Unlock a world of possibilities! Login now and discover the exclusive benefits awaiting you.
Hi,
a quick one, where I´m uncertain:
I simply want to sum up two fields inculding (same) set analysis. Normally I do it in this way:
sum( {<[Date.Cal.Year]={2017}>} [FieldA]) + sum( {<[Date.Cal.Year]={2017}>} [FieldB])
Now I saw that this also works:
sum( {<[Date.Cal.Year]={2017}>} ([FieldA] + [FieldB]))
FieldA and FieldB are both from the same (facts) table.
Due to I have a very large data set and complex nested formulas I´d prefer the second version, but I´m uncertain if there could be any differences in the result.
Can anybody confirm whether the two versions are identical or otherwise outline the difference?
Thanks, Thomas
Your point b) assumption is correct I believe. Hence, you would get the set analysis data filter benefit even with the rangesum().
Hi,
sum( {<[Date.Cal.Year]={2017}>} RangeSum([FieldA] , [FieldB]))
This will work if Field A and Field B comes from different table ?
If the association is fine, it should work.
The tables are less important in the front end providing they are suitably associated with other.
Sum(RangeSum([FieldA] , [FieldB]) may give odd results if there is not a one to one relationship between A and B within the context of any chart/table dimensions. If for any value of FieldA, there is more than one possible value of FieldB, then the RangeSum() may return only the value of A. In this case, you might be better off with the slightly less efficient Sum(A) + Sum(B) approach.
>>if there is not a one to one relationship between A and B within the context of any chart/table dimensions...

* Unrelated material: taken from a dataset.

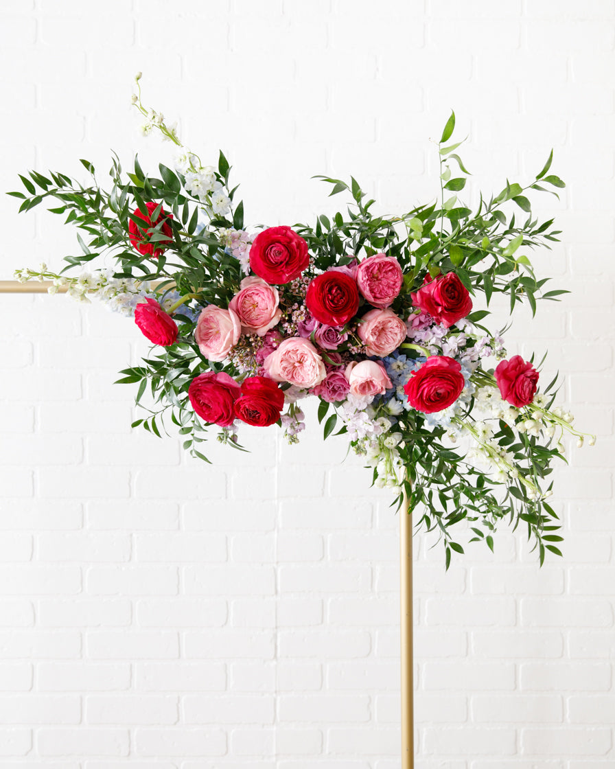 Elevate your event with this frame and floral pair. With our signature gold frame and two statement making floral arrangements, this works perfect for a Photo Backdrops, gift opening, or an entryway.

Or it may double up the values of A....
For example with these two tables
ID | A | B |
---|---|---|
1 | 1 | 100 |
1 | <null> | 100 |
2 | 1 | 50 |
2 | 1 | 200 |
2 | 10 | <null> |
3 | 2 | 100 |
3 | 3 | 100 |
3 | 4 | 100 |
3 | 4 | 101 |
3 | 4 | <null> |
3 | <null> | <null> |
4 | 1 | 300 |
4 | 4 | 400 |
ID | C |
---|---|
1 | 100 |
1 | 200 |
2 | <null> |
3 | 200 |
4 | 300 |
4 | 400 |
Give these results:
Table1:
LOAD ID,
If(A = '*', Null(), A) as A,
If(B = '*', Null(), B) as B
Inline
[
ID, A, B
1, 1, 100
1, *, 100
2, 1, 200
2, 1, 50
2, 10, *
3, 2, 100
3, 3, 100
3, 4, 100
3, 4, *
3, 4, 101
3, *, *
4, 1, 300
4, 4, 400
];
Table2:
LOAD ID,
If(C = '*', Null(), C) as C
Inline
[
ID, C
1, 100
1, 200
2, *
3, 200
4, 300
4, 400
];
Hi,
just to add to this thread, as a general rule (I'm not sure if it's stated somewhere in help/documentation, etc) you should not use sum(A*B) or sum(A+B) if the fields belong to different tables. I haven't tested it, but in most cases you get ZERO if you try to do it.
But even if you get a result it won't be necessarily right. In other words it would be like an "unsafe" use of the sum in the form sum(A+B)/sum(A*B).
Like it's been said, you should take care of null values because you'll have different results.
Also sum(A) + sum(B) does the sum taking as reference totals, while sum(A+B) will do it record per record (similar to what sumproduct does in Excel). This is the explanation of why it won't work correctly if you try sum(A+B) when fields belong to different tables (also remember, even if you concatenate 2 different tables into one, they are still 2 tables)
so in conclusion you should never take sum(A) + Sum(B) and Sum(A+B) as equivalents,
hope this helps,
regards
Hi,
thanks for your post. You wrote:
also remember, even if you concatenate 2 different tables into one, they are still 2 tables
I can´t really imagine this. Can you share the explanation why this should happen?
>>even if you concatenate 2 different tables into one, they are still 2 tables
I don't think that is true. Perhaps you could offer some evidence as to why you believe this.
I gues what Jaime was referring to is a situation when you concatenate two tables into one and different fact fields come from different tables.
Table:
LOAD
ID,
A
FROM Source_1;
Concatenate(Table)
LOAD
ID,
B
FROM Source_2;
Effectively the result is one table, but with NULLs on each row:
ID | A | B |
---|---|---|
1 | 100 | NULL |
2 | 200 | NULL |
3 | 300 | NULL |
1 | NULL | 100 |
2 | NULL | 200 |
3 | NULL | 300 |
This really should be treated as if you were working with two separate tables (from aggregation perspective), so use RangeSum() or other approach to account for null values.